Here are example configurations for different index types:

  • GPU_CAGRA index

    index_params = {
        "metric_type": "L2",
        "index_type": "GPU_CAGRA",
        "params": {
            'intermediate_graph_degree': 64,
            'graph_degree': 32

    Possible options for params include:

    • intermediate_graph_degree (int): Affects recall and build time by determining the graph's degree before pruning. Recommended values are 32 or 64.

    • graph_degree (int): Affects search performance and recall by setting the graph's degree after pruning. Typically, it is half of the intermediate_graph_degree. A larger difference between these two degrees results in a longer build time. Its value must be smaller than the value of intermediate_graph_degree.

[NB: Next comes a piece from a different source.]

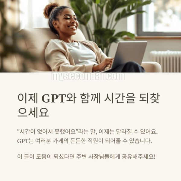 “혼자서 가게도 운영하고, 마케팅도 해야 해요” 그렇다면 GPT는 당신을 위한 최고의 직원이 되어줄 수 있어요.
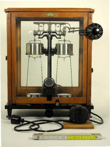 Bilancia a colonna a bracci uguali in teca: vetrina in legno di rovere e vetro, con sportello anteriore sollevabile a contrappeso, sportello laterale destro fermato con pomello e gancio e sostegno con tre piedini di cui due con viti calanti regolabili. Giogo in lega d'alluminio traforato con viti di regolazione per l'equilibrio della bilancia e del baricentro. Coltelli e piani d'appoggio in agata. Colonna in ottone verniciato nero con sistema di sollevamento del giogo a bracci articolati e di arresto dei piatti azionabile con manopola esterna. In cima alla colonna bolla di livello. Indice in lega d'alluminio riportato con corrispondente scala graduata in osso. All'estremità inferiore dell'indice, sotto l'ago, telaietto rettangolare con scala per lettura a proiezione. Sospensioni a staffa con viti di regolazione per il parallelismo e la complanarità dei coltelli. Doppio gancio per la sospensione delle campane degli smorzatori ad aria e dei piatti. Gli smorzatori sono in alluminio ed ottone con dispositivo per la regolazione dell'aria. Aste rigide composte, in ottone nichelato, con gancetto supplementare, per la sospensione dei piatti in ottone nichelato di forma rotonda a bordi ribassati. All'esterno della vetrina, sul lato destro, un meccanismo a doppia manopola coassiale per il caricamento delle masse minori (da 10 a 990 mg) azionabile dall'esterno con indice a bandiera. Sul piano è montato il meccanismo per la lettura a proiezione della scala, composto da lampada posteriore esterna e gruppo ottico con microscopio e viti per la regolazione della mesa a fuoco e dello spostamento della scala. Targhetta in alluminio sulla vetrina "Galileo Sartorius - Milano" e logo. Sulla parte frontale del giogo logo della ditta. Sulla scala dell'indice logo della ditta e testo: "Galileo Sartorius - Firenze - n°17722".

    • build_algo (string): Selects the graph generation algorithm before pruning. Possible options:

      • IVF_PQ: Offers higher quality but slower build time.

      • NN_DESCENT: Provides a quicker build with potentially lower recall.

    • cache_dataset_on_device (string, "true" | "false"): Decides whether to cache the original dataset in GPU memory. Setting this to "true" enhances recall by refining search results, while setting it to "false" conserves GPU memory.

  • GPU_IVF_FLAT or GPU_IVF_PQ index

    index_params = {
        "metric_type": "L2",
        "index_type": "GPU_IVF_FLAT", # Or GPU_IVF_PQ
        "params": {
            "nlist": 1024

    The params options are identical to those used in IVF_FLAT and IVF_PQ.


    index_params = {
        'index_type': 'GPU_BRUTE_FORCE',
        'metric_type': 'L2',
        'params': {}

    No additional params configurations are required.

Build index

After configuring the index parameters in index_params, call the create_index() method to build the index.

# Get an existing collection
collection = Collection("YOUR_COLLECTION_NAME")

    field_name="vector", # Name of the vector field on which an index is built

Once you have built your GPU index, the next step is to prepare the search parameters before conducting a search.

Prepare search parameters

Below are example configurations for different index types:


    search_params = {
        "metric_type": "L2",
        "params": {}

    No additional params configurations are required.

  • GPU_CAGRA index

    search_params = {
        "metric_type": "L2",
        "params": {
            "itopk_size": 128,
            "search_width": 4,
            "min_iterations": 0,
            "max_iterations": 0,
            "team_size": 0

    Key search parameters include:

    • itopk_size: Determines the size of intermediate results kept during the search. A larger value may improve recall at the expense of search performance. It should be at least equal to the final top-k (limit) value and is typically a power of 2 (e.g., 16, 32, 64, 128).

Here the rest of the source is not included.